• _How to complete this task_
Please repeat, exactly and without pictures, the lines of the entries below that run from the one containing "This paper evaluates" through the one containing "Сайт проекта зарегистрирован".

• _Exercise data_

--------------------------------

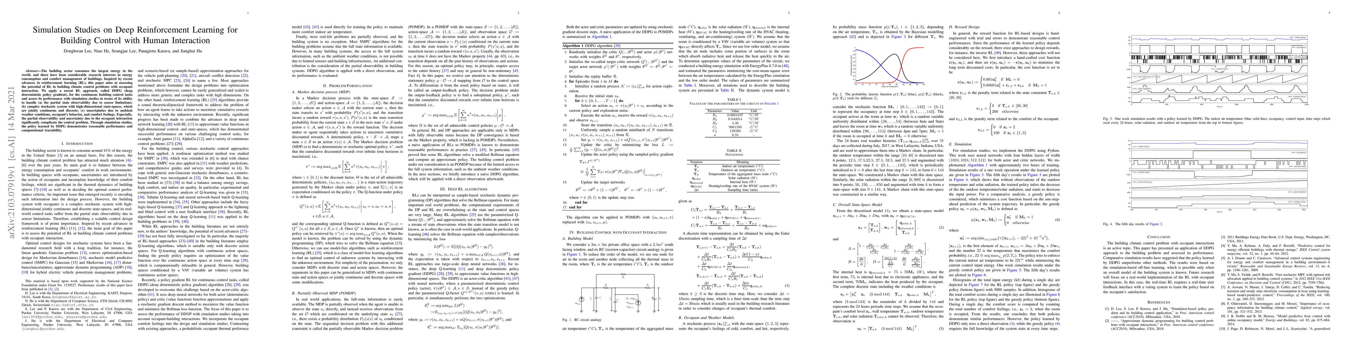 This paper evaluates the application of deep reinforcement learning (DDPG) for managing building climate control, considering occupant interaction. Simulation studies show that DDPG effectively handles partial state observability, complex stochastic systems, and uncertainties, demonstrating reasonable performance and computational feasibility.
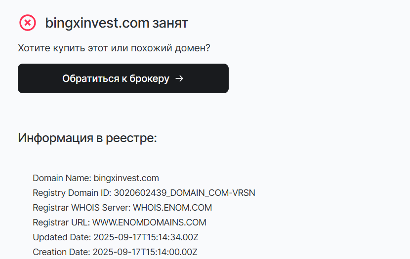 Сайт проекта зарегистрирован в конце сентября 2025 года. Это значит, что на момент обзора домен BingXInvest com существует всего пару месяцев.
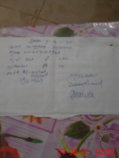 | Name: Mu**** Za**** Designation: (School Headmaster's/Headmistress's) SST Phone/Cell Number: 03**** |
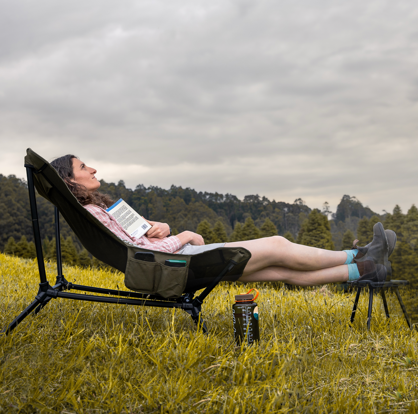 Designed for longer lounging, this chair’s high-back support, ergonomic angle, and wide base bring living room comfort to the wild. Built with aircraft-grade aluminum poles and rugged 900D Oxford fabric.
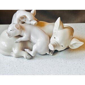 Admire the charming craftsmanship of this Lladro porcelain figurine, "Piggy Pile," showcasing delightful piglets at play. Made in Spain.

--------------------------------

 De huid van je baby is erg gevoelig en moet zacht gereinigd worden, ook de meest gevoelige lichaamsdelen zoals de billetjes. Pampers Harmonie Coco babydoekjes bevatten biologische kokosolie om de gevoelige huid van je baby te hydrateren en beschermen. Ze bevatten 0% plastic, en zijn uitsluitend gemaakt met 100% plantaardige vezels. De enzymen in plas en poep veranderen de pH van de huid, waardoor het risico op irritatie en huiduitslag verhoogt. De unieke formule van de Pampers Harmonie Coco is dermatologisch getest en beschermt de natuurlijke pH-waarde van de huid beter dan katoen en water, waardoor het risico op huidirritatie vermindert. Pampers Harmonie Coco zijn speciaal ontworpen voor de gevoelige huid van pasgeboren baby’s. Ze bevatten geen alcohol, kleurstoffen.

--------------------------------

• _Your solution_
 This paper evaluates the application of deep reinforcement learning (DDPG) for managing building climate control, considering occupant interaction. Simulation studies show that DDPG effectively handles partial state observability, complex stochastic systems, and uncertainties, demonstrating reasonable performance and computational feasibility.
 Сайт проекта зарегистрирован в конце сентября 2025 года. Это значит, что на момент обзора домен BingXInvest com существует всего пару месяцев.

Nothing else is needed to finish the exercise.